Alfrescian (InfP) - Comp
Generous Asset
I think overall, the quality of chicken rice has declined throughout S'pore in the last 15 years or so. Now, a lot of stores using frozen chicken. The difference is quite obvious.
 

singveld

Alfrescian (Inf)
Asset
I think overall, the quality of chicken rice has declined throughout S'pore in the last 15 years or so. Now, a lot of stores using frozen chicken. The difference is quite obvious.

no joke.
one is progress, pap insist on improvement, increase in rent, people who can really cook, get out of business, only left some people who know little left in the business.

the last 15 years decline in standard,

can you imagine the next 15 years, we only have china food and india food left, all the FT are taking over the food court and hawker center.


another total decline is our KFC. KFC 15 years ago and now, is night and day. fxxking total disgrace. something to do with hallah food and where they source the chicken, go back to good old no muslim KFC if it can bring back the glory glory day of KFC, export chicken from USA, raise the price, i dun care, i want good KFC. not the shit they sell now.
 

TeeKee

Alfrescian
Loyal
I think overall, the quality of chicken rice has declined throughout S'pore in the last 15 years or so.
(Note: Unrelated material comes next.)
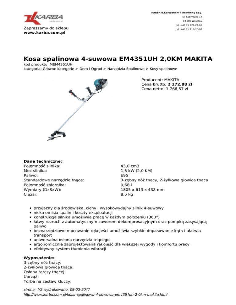 KARBA B.Karczewski i Wspólnicy Sp.J. ul. Fabryczna 14 53-609 Wrocław tel. +48 71 724-24-65 Zapraszamy do sklepu www.karba.com.pl tel. +48 71 718-20-03 Kosa spalinowa 4-suwowa EM4351UH 2,0KM MAKITA kod produktu: MEM4351UH kategoria: Główne kategorie > Dom i Ogród > Narzędzia Spalinowe > Kosy spalinowe Producent: MAKITA. Cena brutto: 2 172,88 zł Cena netto: 1 766,57 zł Dane techniczne: Pojemność silnika: Moc silnika: Paliwo: Standardowe narzędzie tnące: Pojemność zbiornika: Wymiary (DxSxW): Ciężar: 43,0 cm3 1,5 kW (2,0 KM) E95 3-zębny nóż tnący, 2-żyłkowa głowica tnąca 0,68 l 1805 x 613 x 438 mm 8,5 kg przyjazny dla środowiska, cichy i wysokowydajny silnik 4-suwowy niska emisja spalin i koszty eksploatacji konstrukcja silnika umożliwia pracę w każdym położeniu (360°) łatwy rozruch z automatycznym zaworem dekompresacyjnym oraz pompką zasysającą paliwo beznarzędziowe mocowanie rękojeści umożliwia szybkie dopasowanie kąta i ułatwia transport uniwersalna osłona narzędzia tnącego ergonomicznie zaprojektowana rękojeść dla większej wygody i komfortu pracy efektywny system tłumienia wibracji Wyposażenie: 3-zębny nóż tnący: 2-żyłkowa głowica tnąca: Osłona tarczy tnącej: Uprząż: Torba na zestaw kluczy: strona: 1/2 wydrukowano: 08-03-2017 http://www.karba.com.pl/kosa-spalinowa-4-suwowa-em4351uh-2-0km-makita.html Komplet kluczy: strona: 2/2 wydrukowano: 08-03-2017 http://www.karba.com.pl/kosa-spalinowa-4-suwowa-em4351uh-2-0km-makita.html

Now, a lot of stores using frozen chicken. The difference is quite obvious.

frozen or farmed, still no good chicken...

roaming chickens produces the best quality meat...:biggrin:
 

Ramseth

Alfrescian (Inf)
Asset
steamed chicken can retain the moisture...

i prefer juicy and moist chicken...the leg part...

not dry and hard....like the chicken breast part..

There's no such thing as steamed chicken rice in Singapore as far as I know. What's a real dish of steamed chicken rice? It was available from dimsum stalls like Swee Chun (Jalan Besar) in the 80s and before.

The rice is lightly cooked (unlike regular chicken rice flavor-cooked in chicken broth). The chicken is lightly braised, then chopped up into small portions like dimsum dishes. Then both are steamed in separate trays with other dimsum dishes like siewmai and harkou. When the customer orders, then the steamed chicken is topped onto the steamed rice.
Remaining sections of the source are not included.